- What to do -
Below, some lines carry pictures; leave those pictures out and retype exactly the lines from the one with "蒋璟萍介绍了本次培训班的重要" through the one with "Die Redaktion von".

- Material to process -
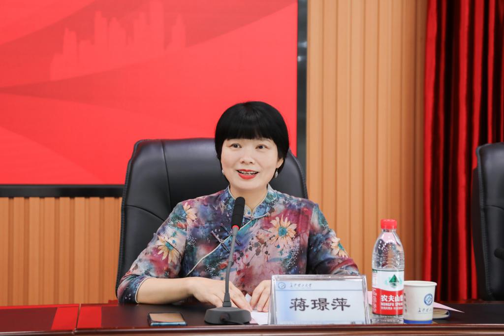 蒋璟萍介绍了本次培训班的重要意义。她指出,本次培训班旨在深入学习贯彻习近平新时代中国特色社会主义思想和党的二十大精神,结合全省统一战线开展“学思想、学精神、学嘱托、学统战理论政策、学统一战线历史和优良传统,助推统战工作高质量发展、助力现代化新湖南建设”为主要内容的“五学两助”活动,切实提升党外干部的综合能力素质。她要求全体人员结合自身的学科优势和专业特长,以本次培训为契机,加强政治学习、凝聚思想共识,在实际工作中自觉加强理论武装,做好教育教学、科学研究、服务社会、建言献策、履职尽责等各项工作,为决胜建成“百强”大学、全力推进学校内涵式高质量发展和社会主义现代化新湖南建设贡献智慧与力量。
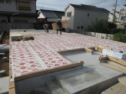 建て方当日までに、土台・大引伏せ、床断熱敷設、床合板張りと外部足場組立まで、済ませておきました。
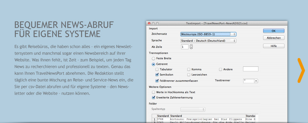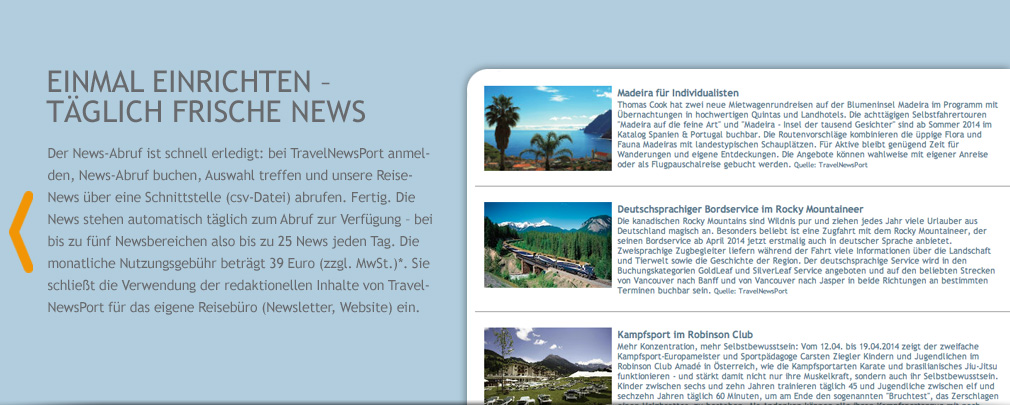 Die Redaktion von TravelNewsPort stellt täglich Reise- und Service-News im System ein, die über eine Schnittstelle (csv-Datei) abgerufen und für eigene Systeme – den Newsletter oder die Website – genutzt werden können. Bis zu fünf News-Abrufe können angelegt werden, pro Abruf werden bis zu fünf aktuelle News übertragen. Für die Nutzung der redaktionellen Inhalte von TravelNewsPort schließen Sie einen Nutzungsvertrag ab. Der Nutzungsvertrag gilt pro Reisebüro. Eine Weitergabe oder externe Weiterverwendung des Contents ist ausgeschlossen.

---

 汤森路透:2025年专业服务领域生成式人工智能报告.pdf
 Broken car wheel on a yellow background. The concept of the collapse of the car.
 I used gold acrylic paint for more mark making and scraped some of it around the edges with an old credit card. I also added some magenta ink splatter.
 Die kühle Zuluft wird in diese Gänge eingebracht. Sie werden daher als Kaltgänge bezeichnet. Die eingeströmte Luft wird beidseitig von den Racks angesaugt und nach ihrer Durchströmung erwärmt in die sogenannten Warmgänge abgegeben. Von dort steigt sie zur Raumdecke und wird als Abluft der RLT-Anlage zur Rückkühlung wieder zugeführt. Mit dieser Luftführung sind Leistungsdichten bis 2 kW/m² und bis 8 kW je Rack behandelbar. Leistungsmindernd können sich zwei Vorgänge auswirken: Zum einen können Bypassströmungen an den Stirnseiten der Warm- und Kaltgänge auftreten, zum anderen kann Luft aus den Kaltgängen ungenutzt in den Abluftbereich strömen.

- Result -
 蒋璟萍介绍了本次培训班的重要意义。她指出,本次培训班旨在深入学习贯彻习近平新时代中国特色社会主义思想和党的二十大精神,结合全省统一战线开展“学思想、学精神、学嘱托、学统战理论政策、学统一战线历史和优良传统,助推统战工作高质量发展、助力现代化新湖南建设”为主要内容的“五学两助”活动,切实提升党外干部的综合能力素质。她要求全体人员结合自身的学科优势和专业特长,以本次培训为契机,加强政治学习、凝聚思想共识,在实际工作中自觉加强理论武装,做好教育教学、科学研究、服务社会、建言献策、履职尽责等各项工作,为决胜建成“百强”大学、全力推进学校内涵式高质量发展和社会主义现代化新湖南建设贡献智慧与力量。
 建て方当日までに、土台・大引伏せ、床断熱敷設、床合板張りと外部足場組立まで、済ませておきました。
 Die Redaktion von TravelNewsPort stellt täglich Reise- und Service-News im System ein, die über eine Schnittstelle (csv-Datei) abgerufen und für eigene Systeme – den Newsletter oder die Website – genutzt werden können. Bis zu fünf News-Abrufe können angelegt werden, pro Abruf werden bis zu fünf aktuelle News übertragen. Für die Nutzung der redaktionellen Inhalte von TravelNewsPort schließen Sie einen Nutzungsvertrag ab. Der Nutzungsvertrag gilt pro Reisebüro. Eine Weitergabe oder externe Weiterverwendung des Contents ist ausgeschlossen.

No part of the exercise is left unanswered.